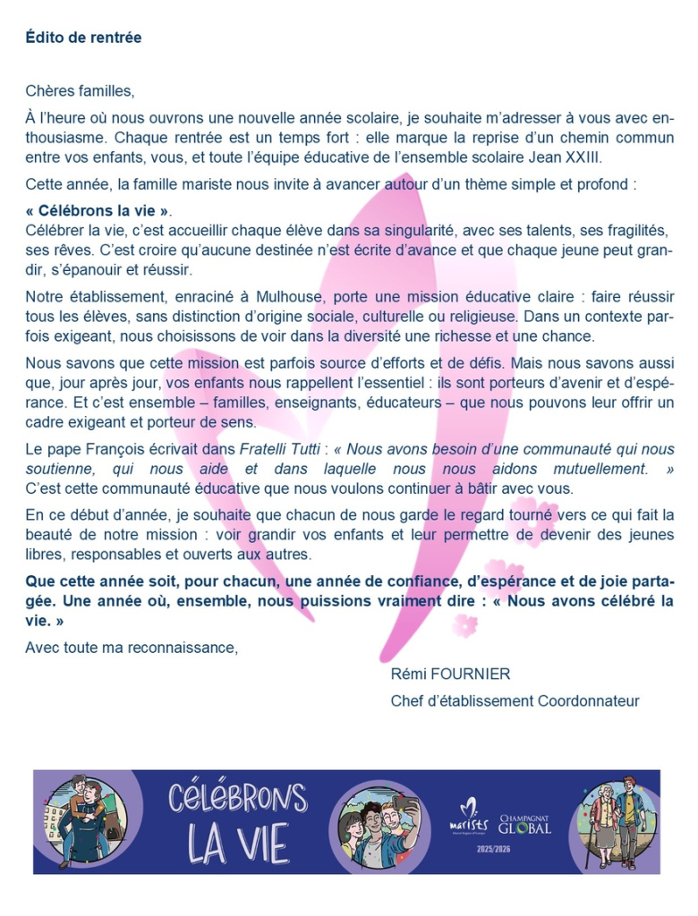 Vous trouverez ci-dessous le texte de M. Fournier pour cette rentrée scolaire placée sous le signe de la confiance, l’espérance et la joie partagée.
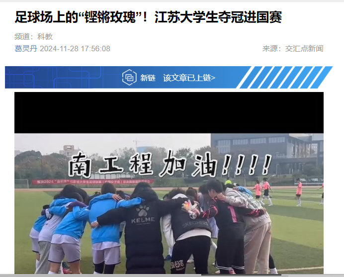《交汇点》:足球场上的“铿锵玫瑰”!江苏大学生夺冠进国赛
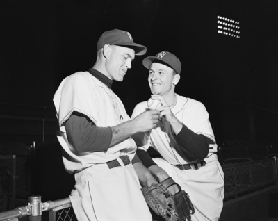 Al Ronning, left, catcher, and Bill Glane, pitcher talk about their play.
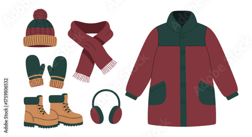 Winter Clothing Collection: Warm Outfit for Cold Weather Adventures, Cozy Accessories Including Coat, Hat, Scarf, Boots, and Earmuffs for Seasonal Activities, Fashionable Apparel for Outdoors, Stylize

...

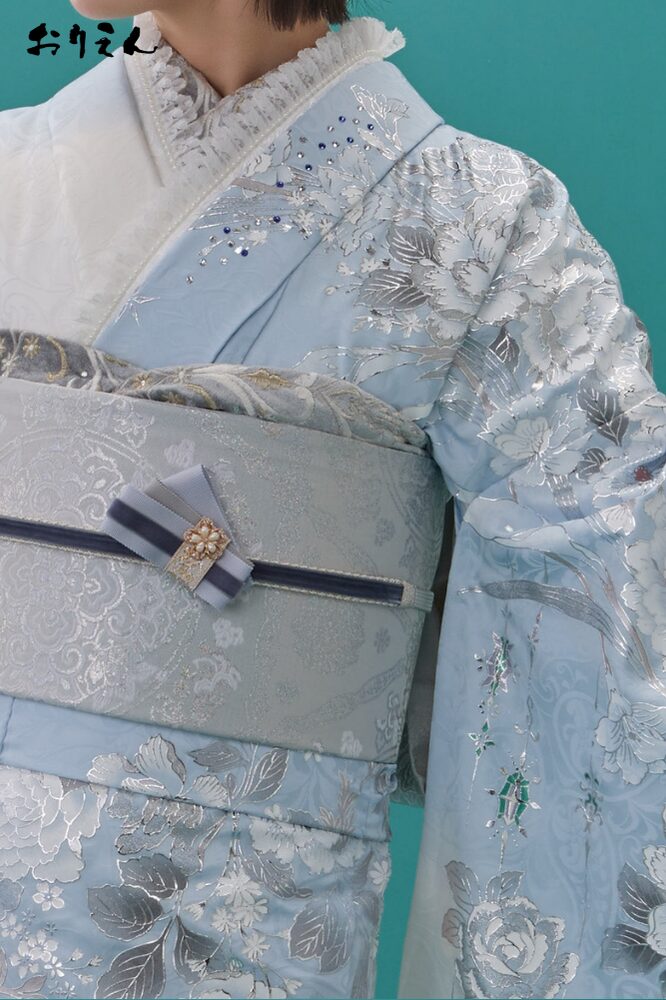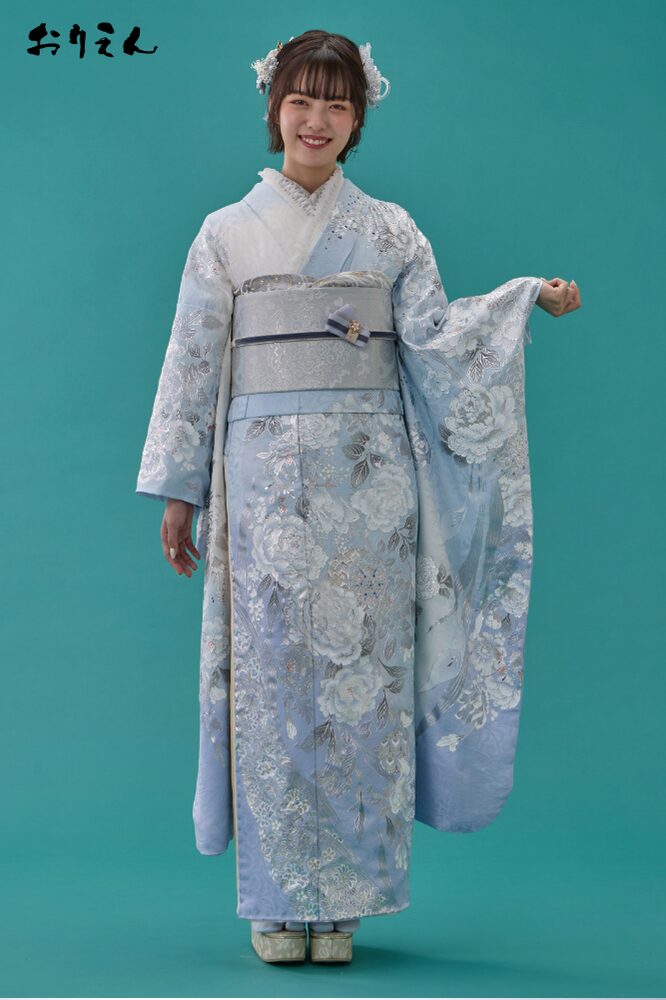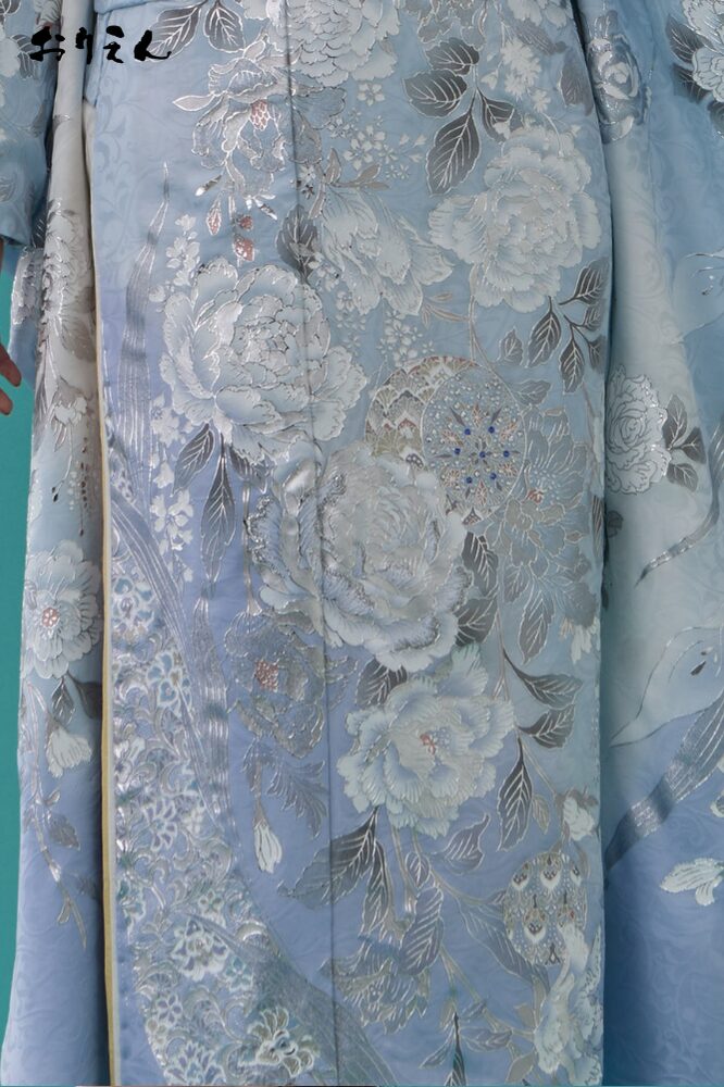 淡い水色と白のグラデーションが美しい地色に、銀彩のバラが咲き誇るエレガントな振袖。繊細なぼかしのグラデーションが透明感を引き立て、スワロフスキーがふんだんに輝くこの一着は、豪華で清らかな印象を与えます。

About this task: Reproduce, exactly and only, the lines of the records above starting at the line with "Al Ronning, left, catcher, and" and ending at the line with "Winter Clothing Collection: Warm", both included. Leave every picture out.

Task output:
 Al Ronning, left, catcher, and Bill Glane, pitcher talk about their play.
 Winter Clothing Collection: Warm Outfit for Cold Weather Adventures, Cozy Accessories Including Coat, Hat, Scarf, Boots, and Earmuffs for Seasonal Activities, Fashionable Apparel for Outdoors, Stylize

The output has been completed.